Rather than utilizing non-toxic natural treatments, adult drugs used in children and even toddlers may often contribute to drug induced malnutrition, according to National Health Federation board member Richard A Kunin, MD. He notes, for example, that many drugs and chemicals bind to carnitine, which thereby displaces fatty acids. He suggests that carnitine deficiency must be considered in all sick patients, especially those on valproic acid, aspirin, NSAIDs, tranquilizers (both phenothiazines and benzodiazepines), antibiotics, and cancer chemotherapy agents .
Putting Nutrition First
Source: Health Freedom News
Two of the saddest looking faces I have ever seen stared out at me from the pages of the New York Times last week (2/15/07). Michael and Carolyn Riley of Boston wore a look of despair and bewilderment, even beyond the point of asking “why me?” Can it get any worse – to lose your baby after four years of struggle with her ADD behavioral problems and then be charged with her murder even before you have gotten over the shock and grief of the death? How cruel it must seem to these two young parents to find themselves in shackles! And then we read the legal damage control from Tufts-New England Medical Center, where the child was treated, calling her care “appropriate and within responsible professional standards,” referring to three adult drugs not normally used in children, let alone toddlers. Rebecca, the child, was treated with valproic acid (Depakote), clonidine (Catapres), and quetiapine (Seroquel). In addition, the parents had given her over-the-counter “cold pills,” containing dextromethorphan and chlorpheniramine.

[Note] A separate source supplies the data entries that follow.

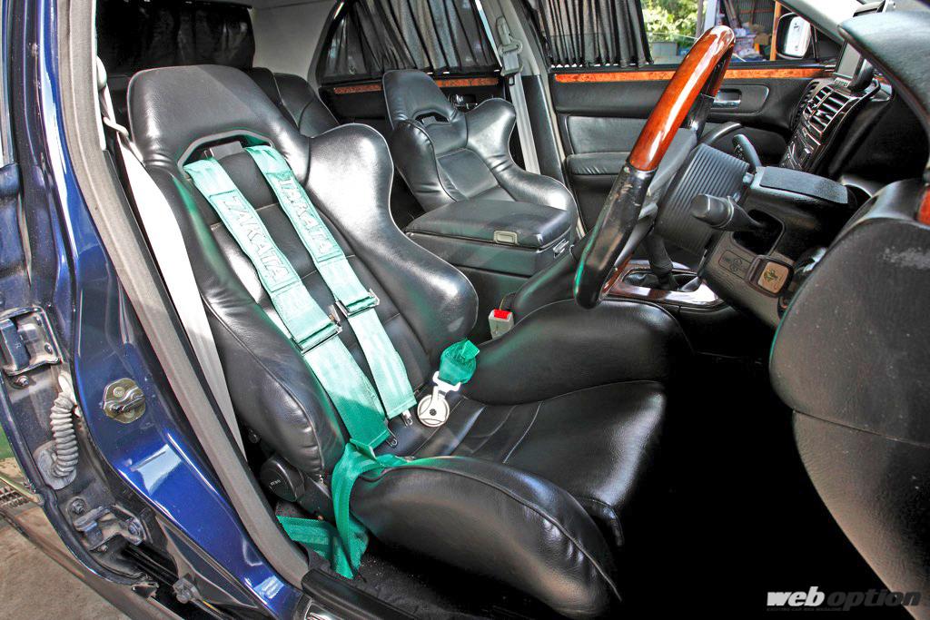 シートはブリッドのセミバケ2脚を使用。ただ装着するのではなく、ドアパネルなどと一緒にレザー張りで仕上げているのがポイント。さらに、ダッシュボードなどの樹脂部をペイントすることで車格に見合った高級感を演出する。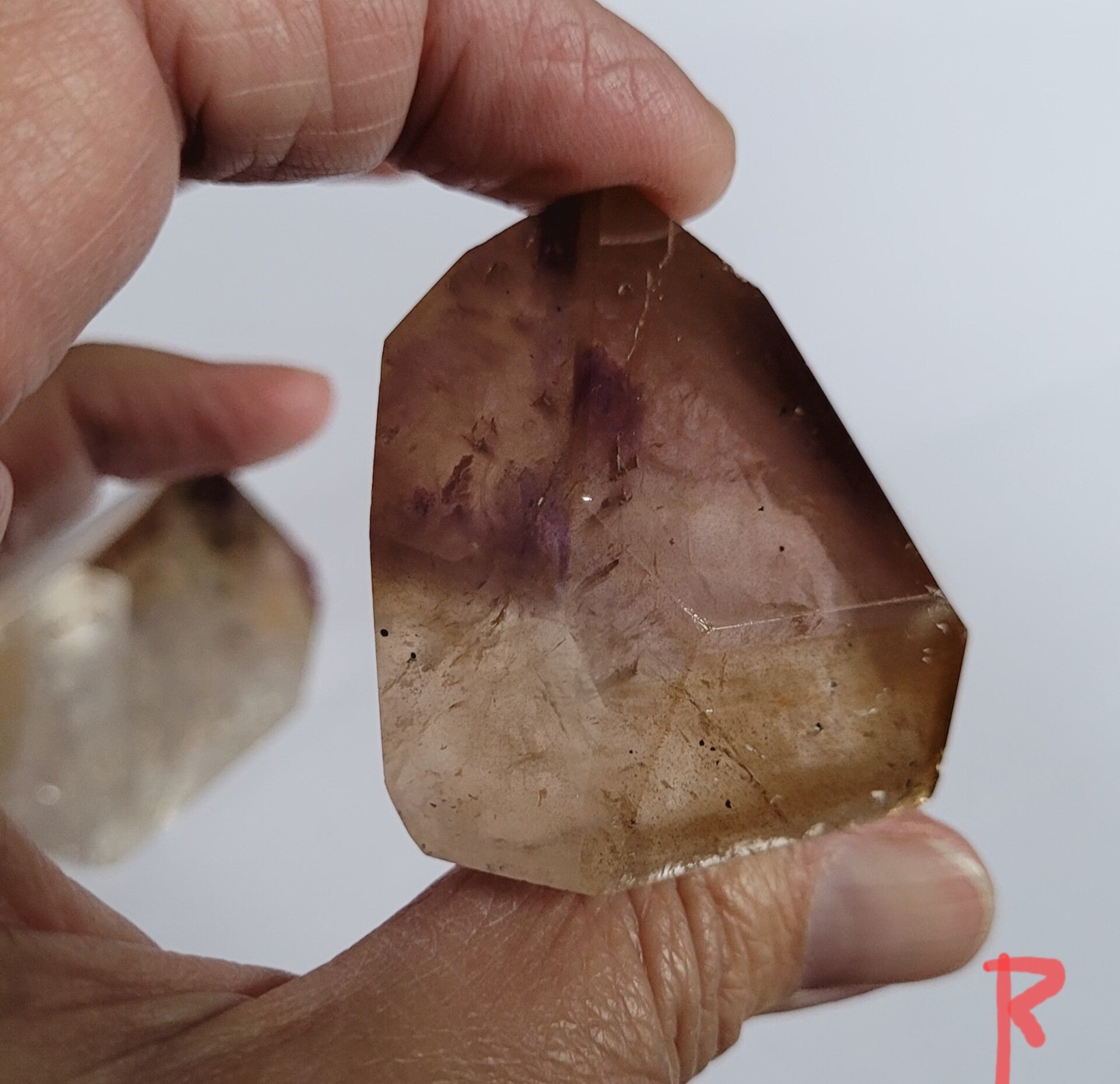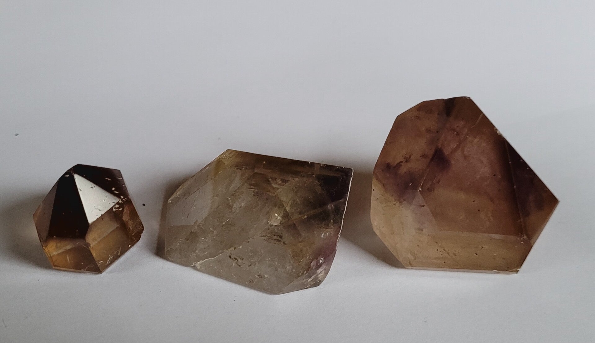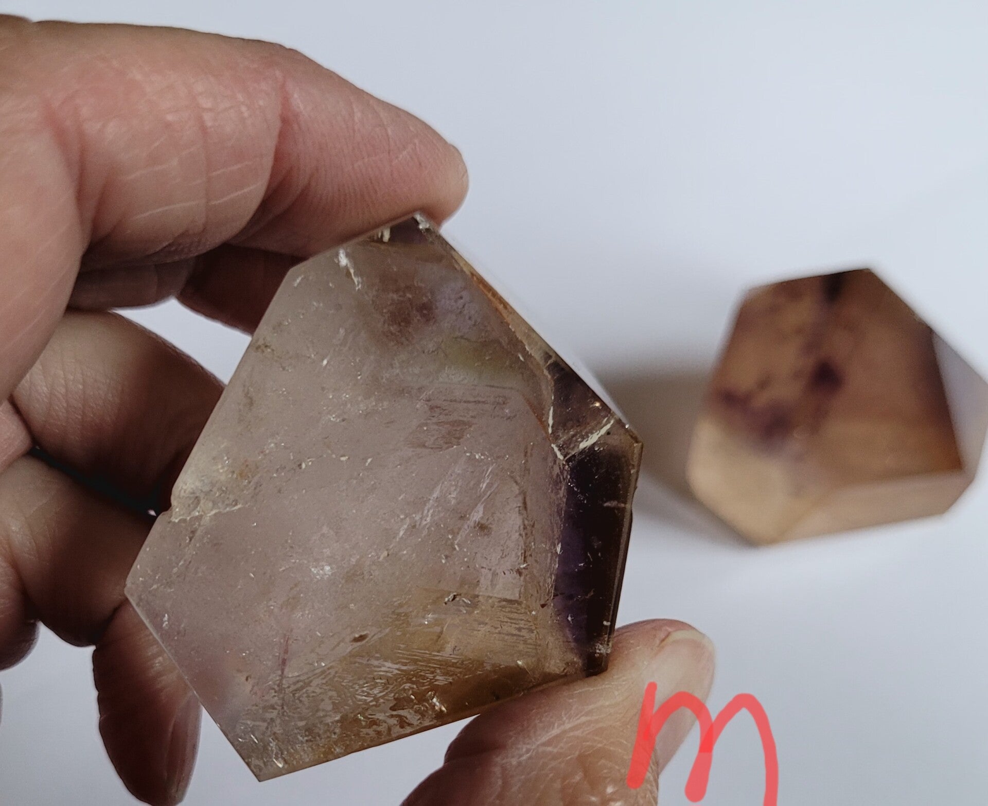 Aangeslepen punten Amethist met hematiet of limoniet. Ijzermineralen.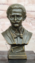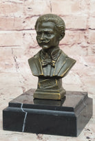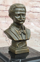 This bronze work was created using the traditional lost wax casting technique, a method prized for its precision and durability. The piece is finished with a rich brown patina that highlights its depth and texture, and it rests securely atop a polished black marble base. Signed by the artist Fisher, this bust is both a sophisticated decorative piece and a meaningful homage to one of history’s great musical minds. It makes an ideal addition to any classical music lover’s collection or cultured interior space.Bronze Dimensions with Marble Base: Height 6" X Width 4"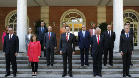 Excepto en el momento escaleras Moncloa de este viernes para hacerse la foto del nuevo gobierno tras la incorporación de la sustituta de Cañete, andan Rajoy y sus chicos en estos días de campaña con una visibilidad más bien de perfil bajo. Vamos, que están todos escondidos debajo de la mesa y buscando la mejor manera de escaquearse y pasar lo más desapercibidos posible hasta que votemos el 25.

Why is this tragedy of interest to members of the National Health Federation? Because we stand for medical freedom and better medical treatment too, including the use of non-toxic natural treatments. In this case, the medical team was trying to find a combination of pharmaceuticals that would safely control anxiety and misbehavior of this 4-year-old problem child. Not an easy thing to do, and toxicity was evident in that she was often observed to be over-sedated. Her pre-school teacher even complained about it. The doctors were making adjustments visit-to-visit, but the parents were evidently losing track of her medications. Not a good sign, but not uncommon either.
Is it possible that nutrient supplements could have made a difference in such a case? Would the usual complementary doses of B vitamins, magnesium and Vitamin C have made it possible to lower her medications? An orthomolecular physician would know that all medications detoxified by means of liver and kidney require enzymes (p450 oxidases) that utilize Vitamin C. That is why Vitamin C is well known as an aid in detoxification.

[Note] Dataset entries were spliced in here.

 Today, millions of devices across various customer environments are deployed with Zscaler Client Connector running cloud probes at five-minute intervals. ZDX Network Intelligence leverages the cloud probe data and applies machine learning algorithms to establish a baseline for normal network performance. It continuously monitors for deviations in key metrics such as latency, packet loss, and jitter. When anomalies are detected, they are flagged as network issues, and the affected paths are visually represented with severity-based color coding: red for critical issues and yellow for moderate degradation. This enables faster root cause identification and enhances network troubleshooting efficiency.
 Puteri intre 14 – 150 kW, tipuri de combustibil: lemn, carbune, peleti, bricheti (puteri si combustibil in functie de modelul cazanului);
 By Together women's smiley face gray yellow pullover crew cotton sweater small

What is not as well known is that children also need supplements of the near-vitamin, carnitine. Every cell in the human body requires carnitine, it is required for transporting fatty acids across cell membranes so as to feed the cell its energy supply. Cells starve without carnitine and children are frequently unable to synthesize carnitine adequately – especially in the case of iron deficiency, which is more common in children than adults. Also, many medications bind to carnitine and interfere with its ability to transport fatty acids. In particular, aspirin and acetaminophen precipitate Reye’s Syndrome (i.e., liver failure, delirium, and fever), leading to death, probably by interfering with carnitine.

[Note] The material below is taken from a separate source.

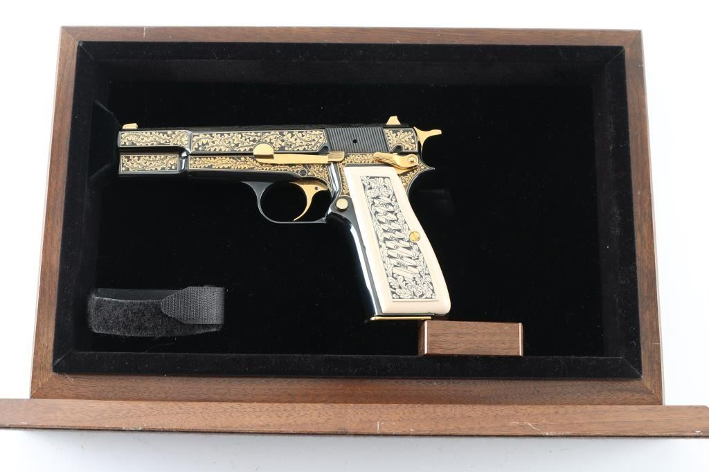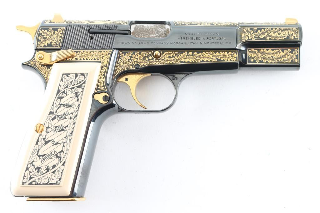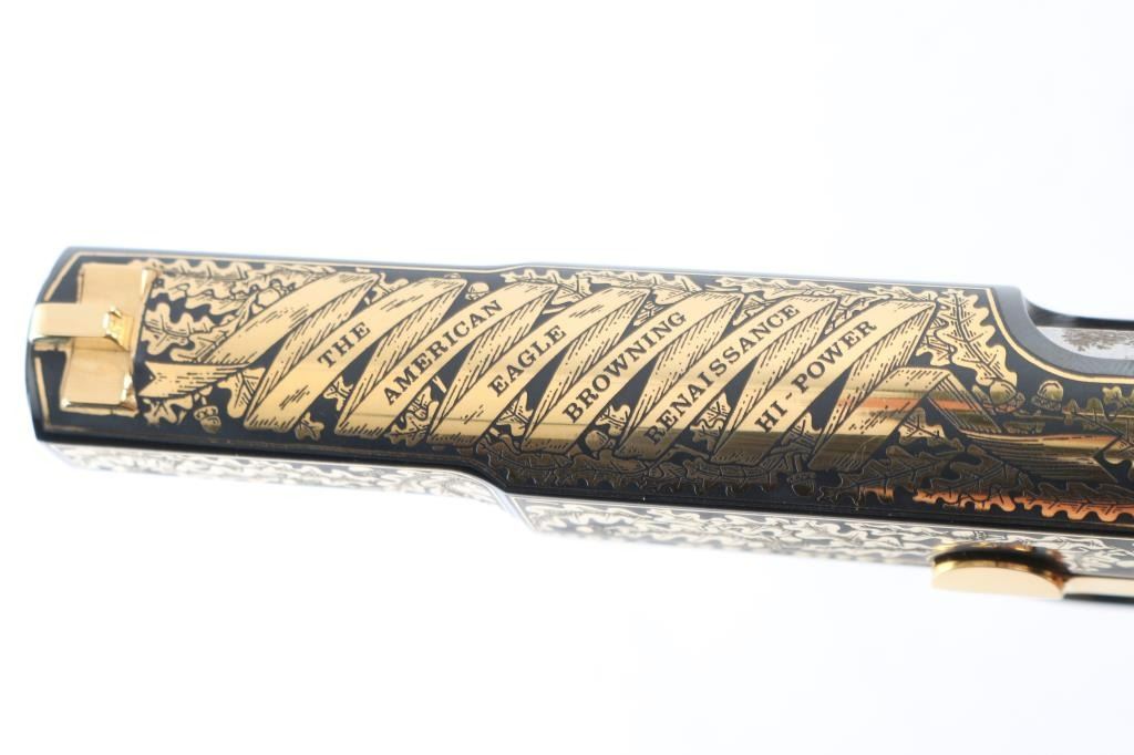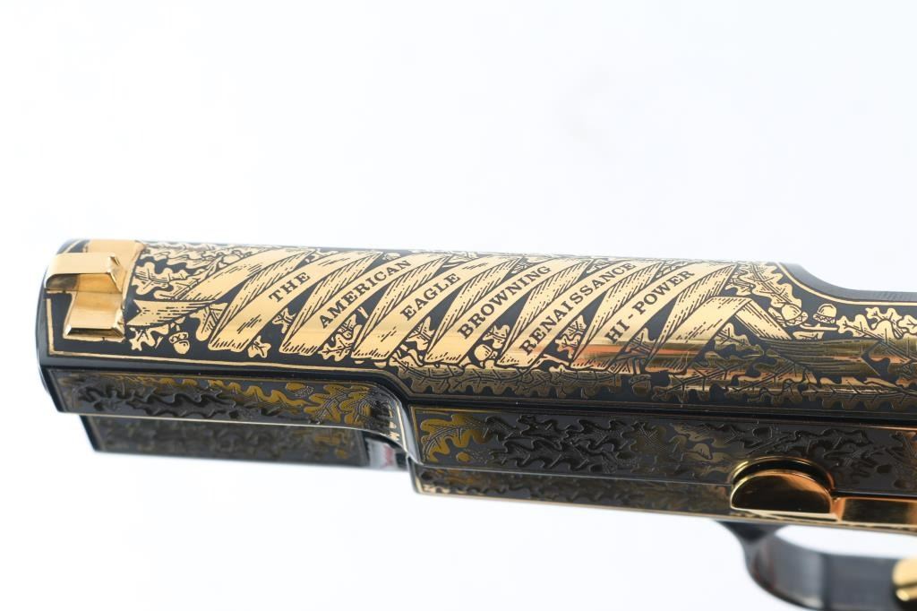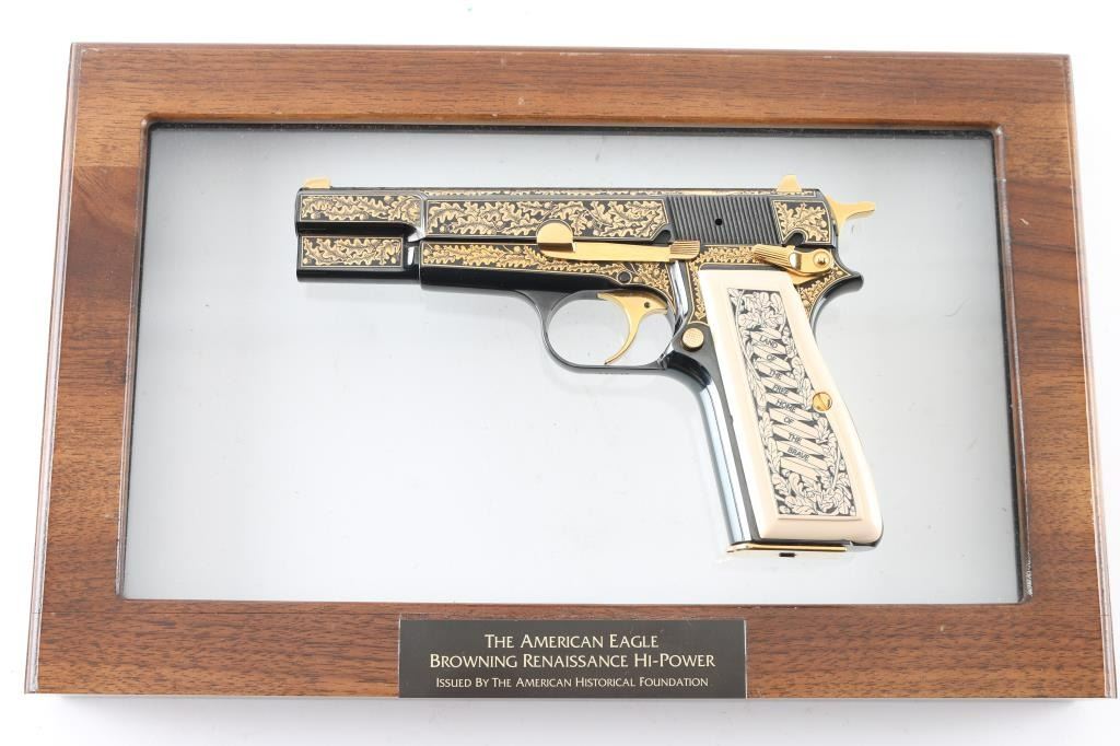 Made in Belgium and assembled in Portugal, this Special Edition Browning Renaissance Hi-Power circa 1993-1994 is a very desirable addition to any collection. Only 750 were made and comes with a wooden, glass top, felt lined display case. The display case has a name plate that reads in three lines "The American Eagle"/"Browning Renaissance Hi-Power"/"Issued By The American Historical Foundation". The gun itself features a high polished blued slide and frame that is highly etched in 24kt gold including The Great Seal of the United States of America on the top of the slide as well as 24kt gold plated sights, hammer, trigger, safety, slide release, magazine release, magazine floor plate and grip screws. Ivory polymer plastic grips are engraved "The United States of America" on the right and "Land Of The Free Home Of The Brave" on the left. The bottom of the trigger guard reads "AEO45". Overall the gun looks great with two exceptions. There is some light surface rust on the right side of the barrel at the ejection port which covers the caliber and serial number engraving. There is also some surface rust on the frame at the muzzle. The grips look great. Bore looks good but needs cleaned. Condition is NRA Very Good with the two exceptions noted above. *Modern Firearm*

Carnitine is described in textbooks of medical nutrition as a conditional vitamin. It is present in the diet, especially in meat, and is also synthesized in the human body by methylation of lysine, in reactions requiring methionine, folic acid, B12, and zinc. It is essential for fat metabolism, serving as a transport agent to carry long-chain fatty acids into the mitochondria, a key step in oxidative metabolism. Deficiency impairs energy metabolism, thus causing fatigue, muscle weakness and pain, hypoglycemia without ketosis, and lipid accumulation in liver, muscles, and adipose tissue. Nerve cells also require carnitine and there have been promising results using carnitine in studies of senile dementia.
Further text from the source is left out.